The only argument for signed char default appears to be that some old
PDP and VAX code will break without signed char defaults. I could say
that this seems to me a better argument for rewriting the faulty code,
but I understand why many implementors do not want to rewrite large
amounts of established utilities.

I would suggest that the proper way to handle portability problems is
that of (believe it or not) the Microsoft 4.0 compiler. Several of you
called attention to the new command line switch that will default chars
to unsigned. This seems a relatively painless way to support code that
requires char defaults. My bone of contention, however, is that this
scheme is exactly backwards. Code that uses signed chars will not handle
half of the system's character set, and thus I must deliberately and
consciously choose to set a command line switch every time I compile
a program, or my program will not work acceptably on my system!

3) What is a 'char' anyway?

Some of you called attention to K&R's discussions of the char type.
K&R definitely present 'char' as system specific.

a single byte, capable of holding one character in
the local character set. (p. 34)

Following this statement is a table in which presents the 'char' type
as 8-bit ASCII on the PDP-11, 9-bit ASCII on the Honeywell 6000,
8-bit EBCDIC on the IBM 370, and 8-bit ASCII on the Interdata 8/32.
On the following page is an explanation of character constants and
the differing numerical values associated with '0' in ASCII and EBCDIC.

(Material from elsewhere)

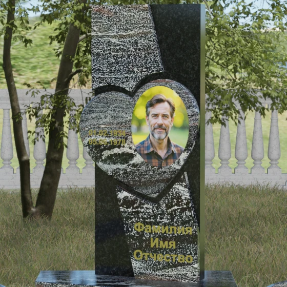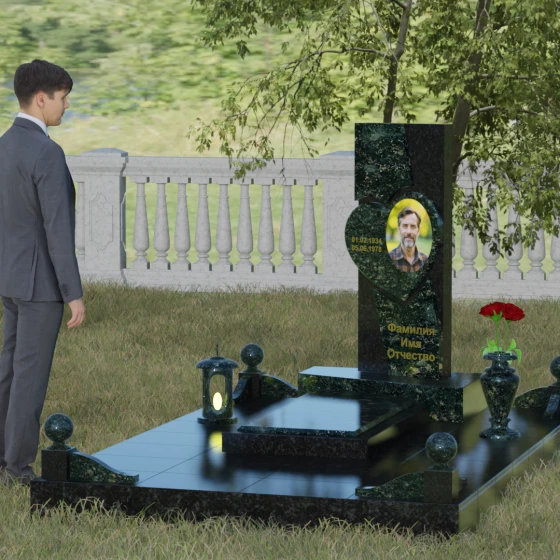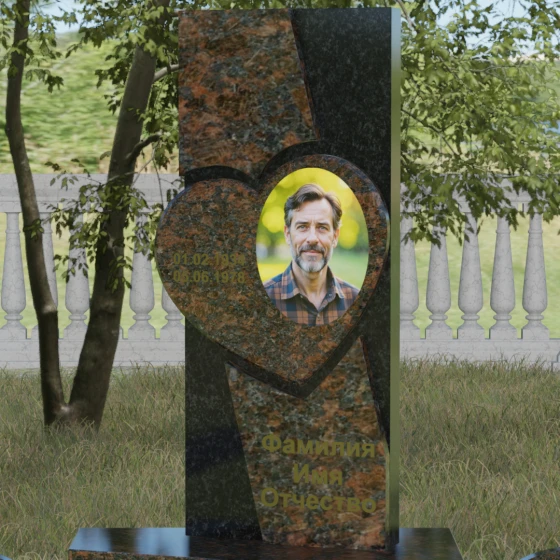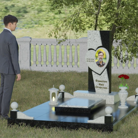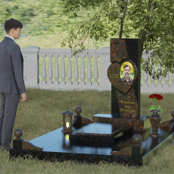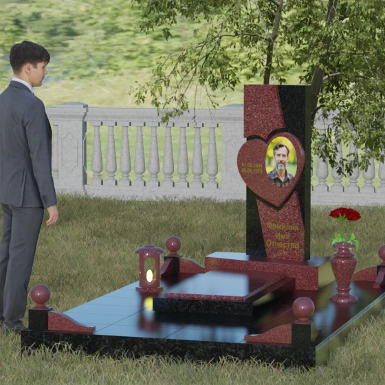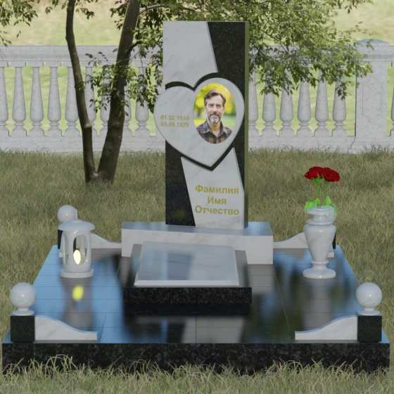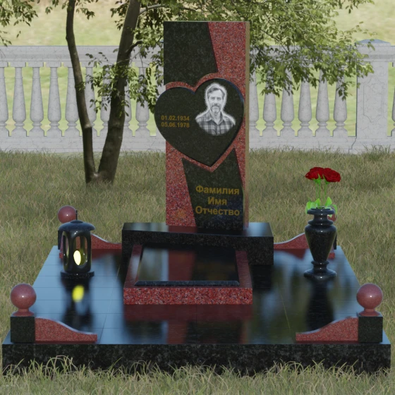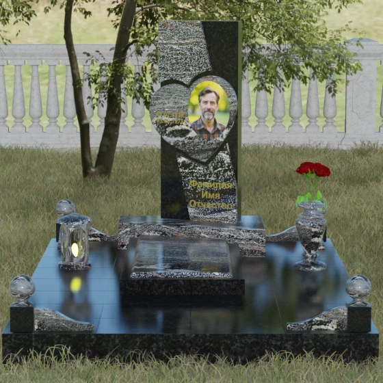 Кому подойдет: Данная модель является универсальной, однако за счет центрального символа — сердца — чаще всего выбирается для оформления женских захоронений. Она станет достойным выражением любви и вечной памяти для матери, супруги, дочери или сестры. Сложная геометрия и наличие декоративных элементов (вазы, шаров) делают это ритуальное изделие идеальным выбором для тех, кто ищет современный, эстетически насыщенный мемориал, сочетающий в себе европейский стиль и традиционную прочность натурального камня.

My point is that K&R clearly sets forth the 'char' type as a logical
quantity which is implementation specific. They are willing to
include ASCII and EBCDIC in the definition, and, I assume, any other
arbitrary representation scheme that will fit into "a single byte".
By this definition, any code that depends on the mathematical properties
of characters (e.g. that, in ASCII, A-Z and a-z are contiguous) is
inherently non-portable!

4) What difference does it make?

None - if we want to continue to insist that English is the official
language of C and UNIX! There is, however, a market of people who
want to sed with ninyas or awk with cedillas. There may, in fact,
be a system just around the corner for users who want to diff in
Kanji! Unfortunately all of these are out of luck, since the afore-
mentioned code only works with 7-bit characters. At this point in
time I am still trying to explain to my colleagues in the Humanities
Computing Lab why their new $10,000 Apollo supermicro can't display
a simple umlaut!

I guess the point of this rave should be summarized. Now that hardware
no longer restricts us to 7-bit character sets, isn't it time we see
*forward* compatible compilers that default to the native character
set of their host system, and isn't it time we start writing (or
rewriting) portable UNIX code that will work on systems whether
characters display in ASCII, EBCDIC, Swedish, or Amharic!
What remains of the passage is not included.